Additional source material: The principal authority for the system of the Valentinians is Irenæus, Adv. Hær., Lib. I (ANF), see also Hippolytus, Refut., VI, 24-32 (ANF); “The Hymn of the Soul,” from the Acts of Thomas, trans. by A. A. Bevan, Texts and Studies, III, Cambridge, 1897; The Fragments of Heracleon, trans. by A. E. Burke, Text and Studies, I, Cambridge, 1891; see also ANF, IX, index, p. 526, s. v., Heracleon. The Excerpta Theodoti contained in ANF, VIII, are really the Excerpta Prophetica, another collection, identified with the Excerpta Theodoti by mistake of the editor of the American edition, A. C. Coxe (on the Excerpta, see Zahn, History of the Canon of the New Testament).

(a) Clement of Alexandria, Strom., IV, 13. (MSG, 8:1296.)

The following passages appear to be taken from the same homily of Valentinus. The pneumatics are naturally immortal, but have assumed mortality to overcome it. Death is the work of the imperfect Demiurge. The concluding portion, which is very obscure, does not fit well into the Valentinian system. Cf. Hilgenfeld, op. cit., p. 300.

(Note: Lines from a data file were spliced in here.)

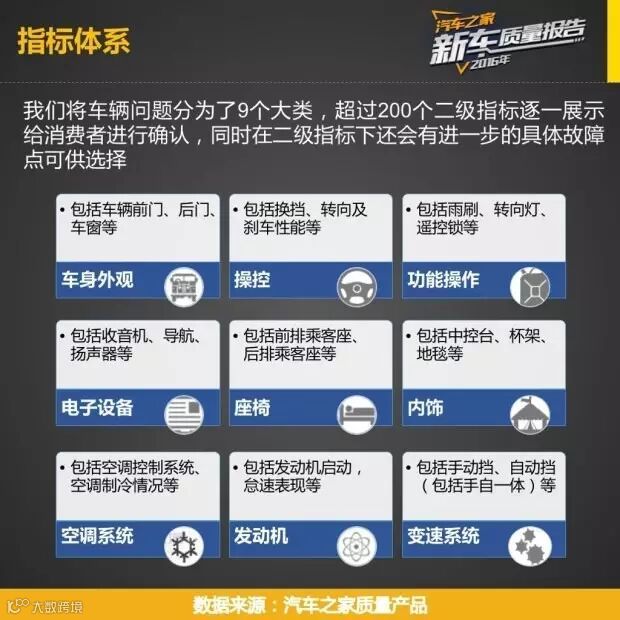 昨天,汽车之家发布的《2016年乘用车新车质量报告》吸引了各大车企、媒体和车迷朋友的广泛关注。本次调研对象是54483位真实车主(车主新车拥有期都在2-12个月内)。调研内容包括车身外观、操控、功能操作、发动机、变速箱等在内的9大类问题,超过200个二级指标逐一展示给消费者进行评价和确认,保证了结果的权威性、真实性。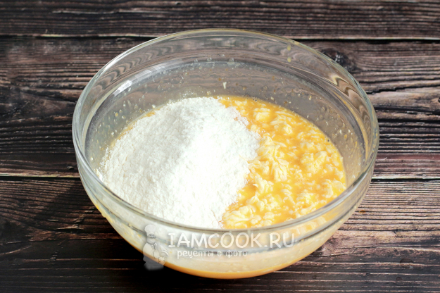 Естественно, масло не вмешается в жидкость как надо. Добавьте частями просеянную муку с ванилином и разрыхлителем. Смотрите на консистенцию теста, не бухайте всю муку сразу.
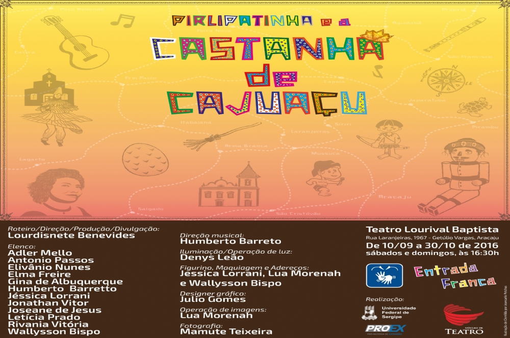 Até que a princesinha, tomada de amor e gratidão por Miguel, beija-o e o feitiço que o atingiria é também quebrado. Todos ficam muito felizes com o desenrolar dos acontecimentos. Mas, aqui nessa história, os personagens não se casam e vivem felizes para sempre. Ao contrário, eles revelam um discurso inclusivo e provocam muitas reflexões contemporâneas. PIRLIPATINHA E A CASTANHA DE CAJUAÇU é um espetáculo teatral com enfoque na ludicidade dos processos artísticos e pedagógicos e na formação da cultura sergipana.

Valentinian in a homily writes in these words: “Ye are originally immortal, and ye are children of eternal life, and ye desired to have death distributed to you, that ye may spend and lavish it, and that death may die in you and by you; for when ye dissolve the world, and are not yourselves dissolved, ye have dominion over creation and all corruption.”[44] For he also, similarly with Basilides, supposes a class saved by nature [i.e., the pneumatics, v. infra], and that this different race has come hither to us from above for the abolition of death, and that the origin of death is the work of the Creator [pg 090] of the world. Wherefore, also, he thus expounds that Scripture, “No one shall see the face of God and live” [Ex. 33:20], as if He were the cause of death. Respecting this God, he makes those allusions, when writing, in these expressions: “As much as the image is inferior to the living face, so much is the world inferior to the living Eon. What is, then, the cause of the image? It is the majesty of the face, which exhibits the figure to the painter, to be honored by his name; for the form is not found exactly to the life, but the name supplies what is wanting in that which is formed. The invisibility of God co-operates also for the sake of the faith of that which has been fashioned.” For the Demiurge, called God and Father, he designated the image and prophet of the true God, as the Painter, and Wisdom, whose image, which is formed, is to the glory of the invisible One; since the things which proceed from a pair [syzygy] are complements [pleromata], and those which proceed from one are images. But since what is seen is no part of Him, the soul [psyche] comes from what is intermediate, and is different; and this is the inspiration of the different spirit. And generally what is breathed into the soul, which is the image of the spirit [pneuma], and in general, what is said of the Demiurge, who was made according to the image, they say was foretold by a sensible image in the book of Genesis respecting the origin of man; and the likeness they transfer to themselves, teaching that the addition of the different spirit was made, unknown to the Demiurge.